== Given information ==

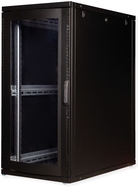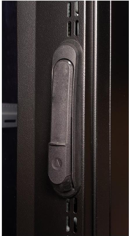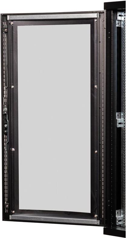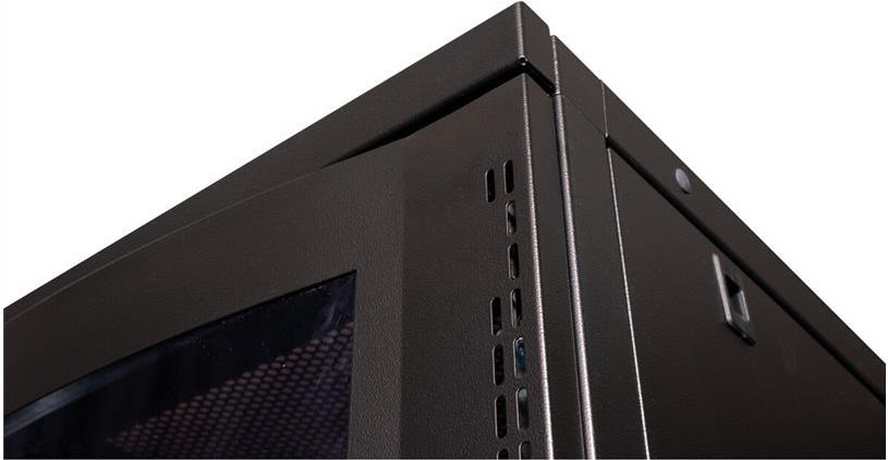 ROLINE 19 Zoll Serverschrank Pro 26 HE 600x1000 BxT schwarz Plexiglas Die Serverschränke der ROLINE Pro Serie wurden speziell für eine komfortable und flexible Netzwerkverkabelung entwickelt. Seitlich im Dach und Boden (ab 800 mm Schrankbreite) befinden sich Einlässe mit Bürsten, ein aufschiebbarer Einlass mit Moosgummidichtung sowie ein zusätzlicher Bürsteneinlass im Bodenchassis, die vielseitige Einsatzmöglichkeiten bieten. Perforierte Einflügel-Fronttüren und doppelflügelige Rücktüren, jeweils mit Schwenkgriff und Profil-Halbzylinder, sorgen für eine verbesserte Luftzirkulation. Das Dach verfügt über eine perforierte Abdeckung, die eine einfache Installation eines Lüftermoduls ermöglicht. Im Inneren des Schranks sind zwei Paar galvanisierte 19"-Profilschienen montiert, die mit in beide Richtungen ablesbaren Höheneinheiten ausgestattet und in der Tiefe verstellbar sind. Zusätzlich sind sie mit Tiefenstreben verbunden. Jeder Schrank besteht aus einer robusten Stahlkonstruktion mit einer Materialstärke von bis zu 2,0 mm. Die Schränke sind elektrostatisch pulverbeschichtet und in den Standardfarben Grau (RAL 7035) und Schwarz (RAL 9005) erhältlich. Modular abschließ- und abnehmbare Seitenwände (ab 42HE horizontal geteilt) und Türen verbessern die Zugänglichkeit. Der Türanschlag kann ebenfalls gewechselt werden. Die komplette Konstruktion ist zerlegbar, weshalb die Schränke bei Bedarf vollständige demontierbar wären.
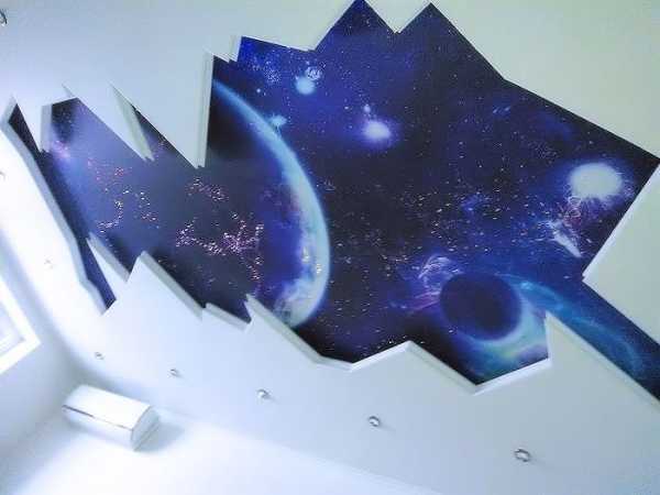 - Навесные потолки из плёнки ПВХ применяют наиболее часто, так как на них проще всего наносится фотопечать. По структуре плёнка может быть глянцевой или матовой. Наибольшей популярностью пользуются полотна, на которые с помощью фотопечати наносят рисунки с изображением космоса.
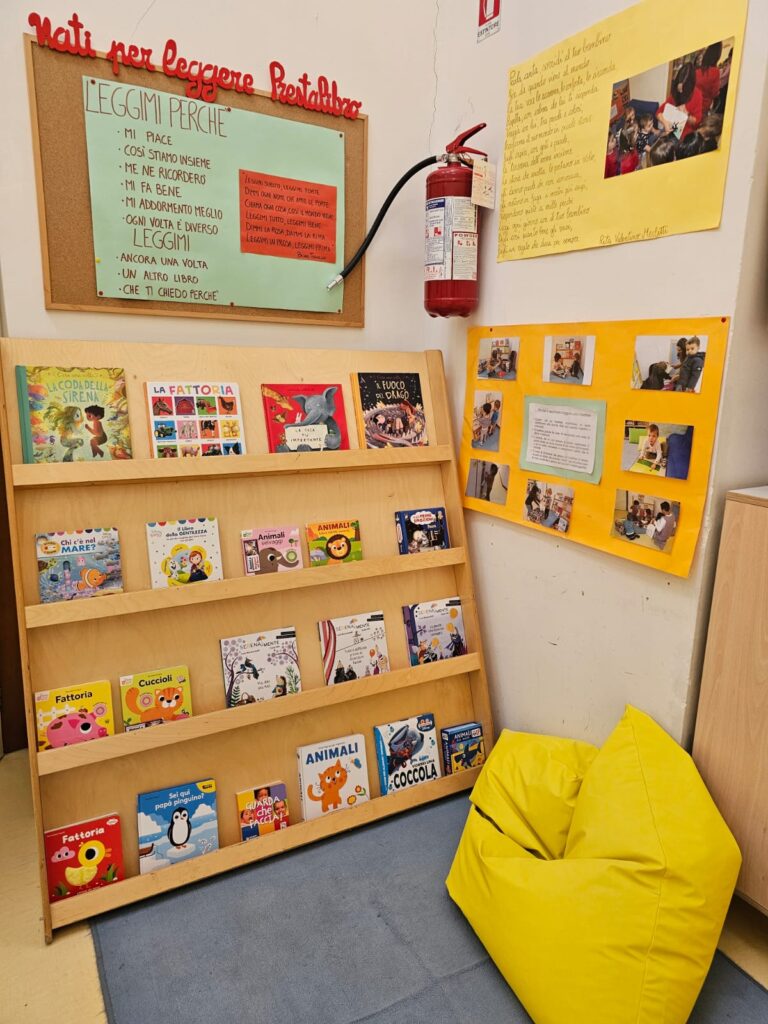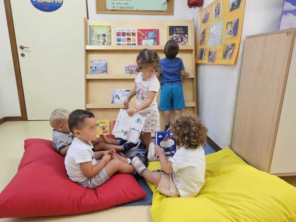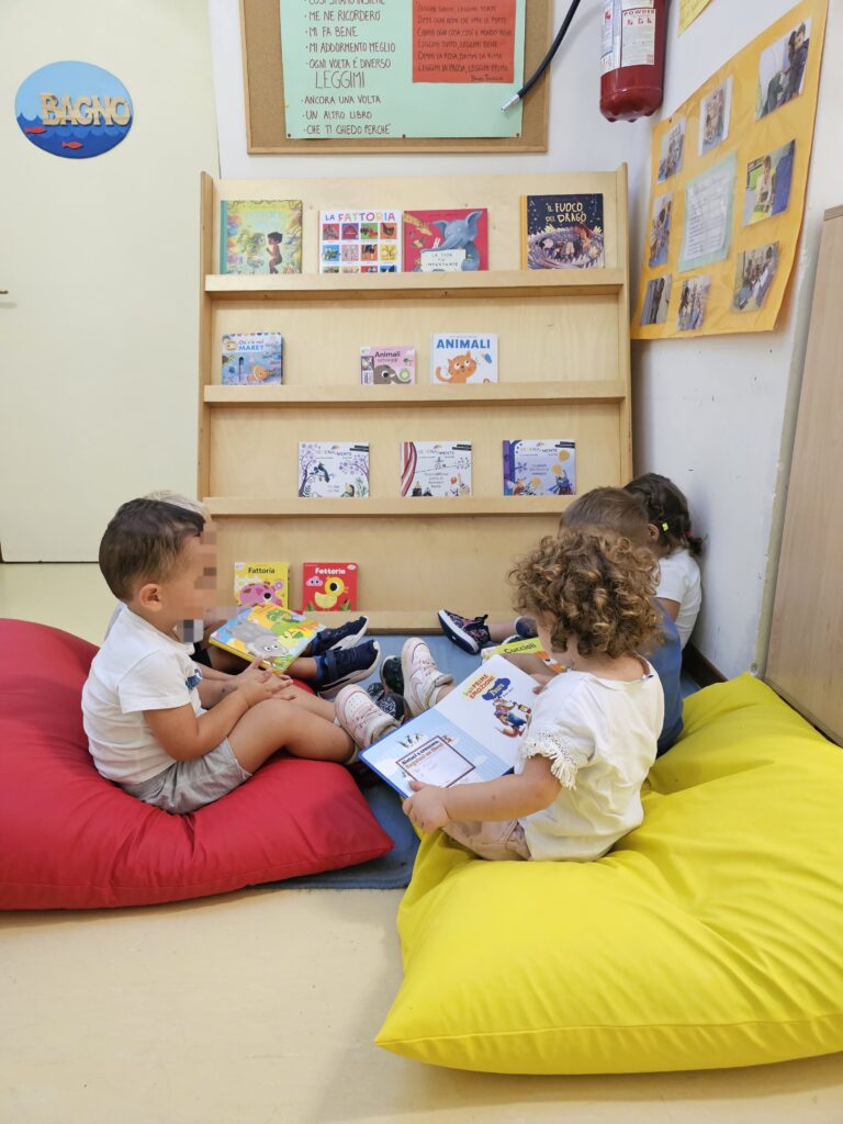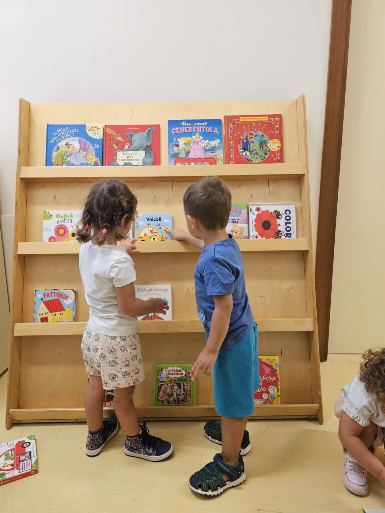 Grazie alla donazione sono stati allestiti tre nuovi scaffali negli angoli-lettura, tutti a misura di bambino, che verranno utilizzati per varie attività: “Prestalibro”, per la lettura condivisa tra genitori e bambini (ogni venerdì il bambino con un genitore sceglie un libricino per una lettura a casa); “Narrami una storia”, attività di lettura ad alta voce da parte delle educatrici; “Sto leggendo…”, momenti di relax dove ogni bambino si sceglie un libro e si narra da solo la storia che ha sentito in altri momenti di lettura condivisa.

===

## Task details:
Repeat the data above exactly, images excluded.

## Written solution:
 ROLINE 19 Zoll Serverschrank Pro 26 HE 600x1000 BxT schwarz Plexiglas Die Serverschränke der ROLINE Pro Serie wurden speziell für eine komfortable und flexible Netzwerkverkabelung entwickelt. Seitlich im Dach und Boden (ab 800 mm Schrankbreite) befinden sich Einlässe mit Bürsten, ein aufschiebbarer Einlass mit Moosgummidichtung sowie ein zusätzlicher Bürsteneinlass im Bodenchassis, die vielseitige Einsatzmöglichkeiten bieten. Perforierte Einflügel-Fronttüren und doppelflügelige Rücktüren, jeweils mit Schwenkgriff und Profil-Halbzylinder, sorgen für eine verbesserte Luftzirkulation. Das Dach verfügt über eine perforierte Abdeckung, die eine einfache Installation eines Lüftermoduls ermöglicht. Im Inneren des Schranks sind zwei Paar galvanisierte 19"-Profilschienen montiert, die mit in beide Richtungen ablesbaren Höheneinheiten ausgestattet und in der Tiefe verstellbar sind. Zusätzlich sind sie mit Tiefenstreben verbunden. Jeder Schrank besteht aus einer robusten Stahlkonstruktion mit einer Materialstärke von bis zu 2,0 mm. Die Schränke sind elektrostatisch pulverbeschichtet und in den Standardfarben Grau (RAL 7035) und Schwarz (RAL 9005) erhältlich. Modular abschließ- und abnehmbare Seitenwände (ab 42HE horizontal geteilt) und Türen verbessern die Zugänglichkeit. Der Türanschlag kann ebenfalls gewechselt werden. Die komplette Konstruktion ist zerlegbar, weshalb die Schränke bei Bedarf vollständige demontierbar wären.
 - Навесные потолки из плёнки ПВХ применяют наиболее часто, так как на них проще всего наносится фотопечать. По структуре плёнка может быть глянцевой или матовой. Наибольшей популярностью пользуются полотна, на которые с помощью фотопечати наносят рисунки с изображением космоса.
 Grazie alla donazione sono stati allestiti tre nuovi scaffali negli angoli-lettura, tutti a misura di bambino, che verranno utilizzati per varie attività: “Prestalibro”, per la lettura condivisa tra genitori e bambini (ogni venerdì il bambino con un genitore sceglie un libricino per una lettura a casa); “Narrami una storia”, attività di lettura ad alta voce da parte delle educatrici; “Sto leggendo…”, momenti di relax dove ogni bambino si sceglie un libro e si narra da solo la storia che ha sentito in altri momenti di lettura condivisa.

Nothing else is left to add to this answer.